Roger Phillips, Ph.D., professor of earth and planetary sciences in Arts & Sciences and director of the McDonnell Center for Space Sciences, was awarded the G.K. Gilbert Award at the Geological Society of America’s annual meeting Nov. 2-5 in Seattle.
The award is named for G.K. Gilbert, who 100 years ago clearly recognized the importance of a planetary perspective in solving terrestrial geologic problems.
The Gilbert award is presented annually for outstanding contributions to the solution of fundamental problems in planetary geology in the broadest sense, which includes geochemistry, mineralogy, petrology, geophysics, geologic mapping and remote sensing.
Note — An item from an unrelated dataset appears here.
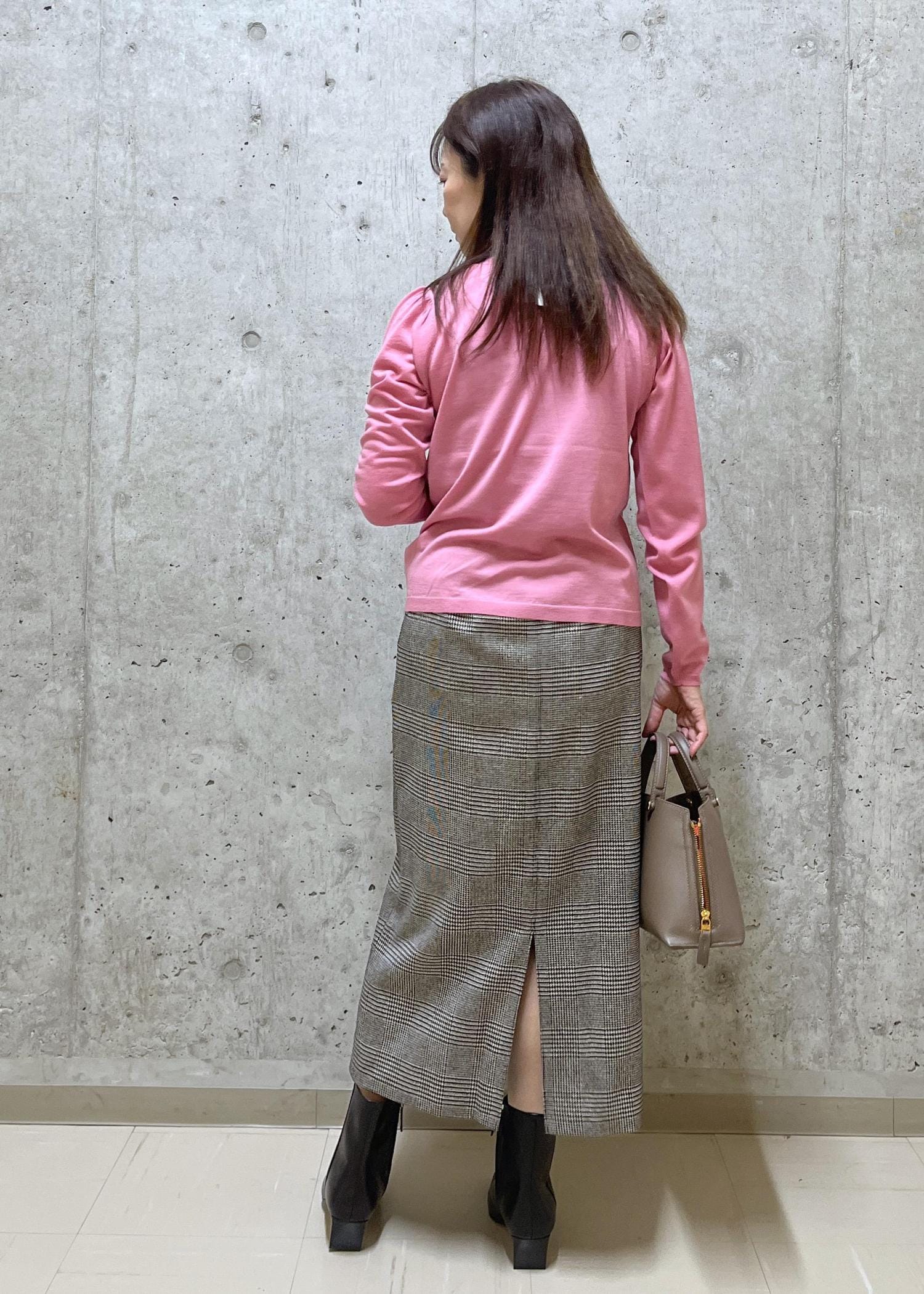 チェックとピンクで可愛らしい雰囲気ですが、タイトスカートで少し大人っぽい雰囲気も取り入れたスタイルです。

Such contributions may consist either of a single outstanding publication or a series of publications that has had great influence in the field.
Raymond E. Arvidson, Ph.D., the James S. McDonnell Distinguished University Professor and chair of earth and planetary sciences, presented the citation. Among his comments, Arvidson praised his colleague’s career achievements.
“Roger’s scientific accomplishments are extraordinary in both scope and depth, as demonstrated by publication of 135 peer-reviewed papers and book chapters covering the Earth, moon, Mars, Venus, Mercury and the icy satellites of the outer planets,” Arvidson said.
“Techniques that have been employed in his studies have focused on gravity mapping and geodynamical modeling, but have included magnetics, seismic, radar sounding and image analyses.”